Number of samples to generate

Value

A data frame with one column per model parameter (on a transformed scale, e.g. log intensities), and one row per sample. The names are in the natural format as specified in priors.

An attribute "stan_names" contains the names of the corresponding parameters in the draws object that would be returned by msmbayes if this model were to be fitted to data. These are the names used internally by Stan, and not meant to be interpretable by users.

An attribute "expand" contains the same sample but with parameters for covariate effects referring to state transitions on the latent space. Used internally for posterior predictive sampling.
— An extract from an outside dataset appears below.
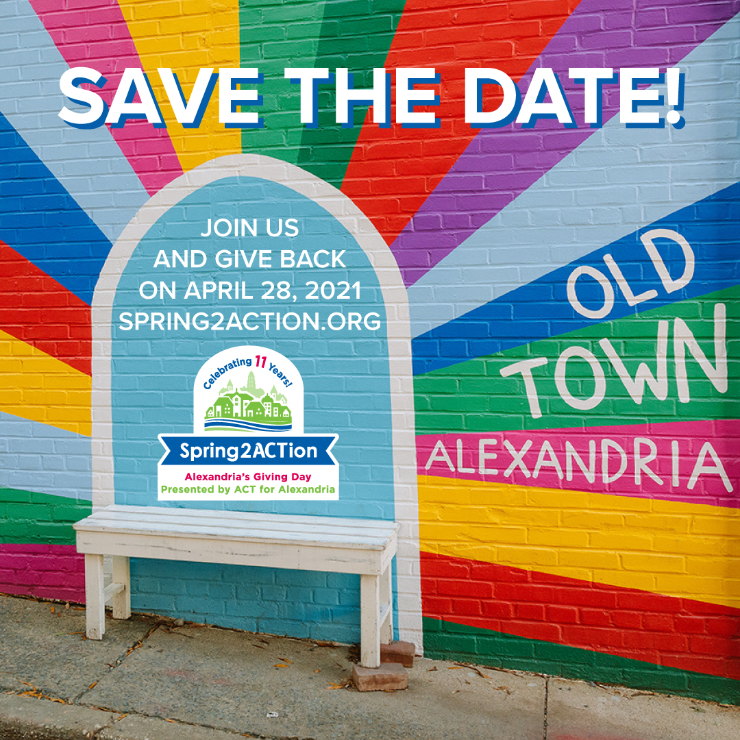 SAVE THE DATE: We are so excited to participate in Spring2ACTion again this year! On April 28th, join us for a day of giving back to the nonprofits that are the heartbeat of this community with Alexandria’s biggest online giving day! It will be a time for Alexandrians to come together, uplift one another, and support the organizations that serve our community. Visit spring2action.org to find out more.

Generate a dataset from the prior predictive distribution in a msmbayes model

Description

This generates a single sample of parameters from the prior, then generates observed states from a multi-state model with those parameters. The data argument should contain the time and subject indicators at which states are to be simulated (by default), or the maximum observation time (if complete_obs=FALSE).

Usage

msmbayes_priorpred_sample(
  data,
  state = "state",
  time = "time",
  subject = "subject",
  Q,
  covariates = NULL,
  pastates = NULL,
  pafamily = "gamma",
  panphase = NULL,
  nphase = NULL,
  E = NULL,
  priors = NULL,
  complete_obs = FALSE,
  cov_format = "orig"
)

Arguments

data

Data frame giving the observed data.

state

Character string naming the observed state variable in the data. This variable must either be an integer in 1,2,...,K, where K is the number of states, or a factor with these integers as level labels. If omitted, this is assumed to be "state".

time

Character string naming the observation time variable in the data. If omitted, this is assumed to be "time".

subject

Character string naming the individual ID variable in the data. If omitted, this is assumed to be "subject".

Q

Matrix indicating the transition structure. A zero entry indicates that instantaneous transitions from (row) to (column) are disallowed. An entry of 1 (or any other positive value) indicates that the instantaneous transition is allowed. The diagonal of Q is ignored.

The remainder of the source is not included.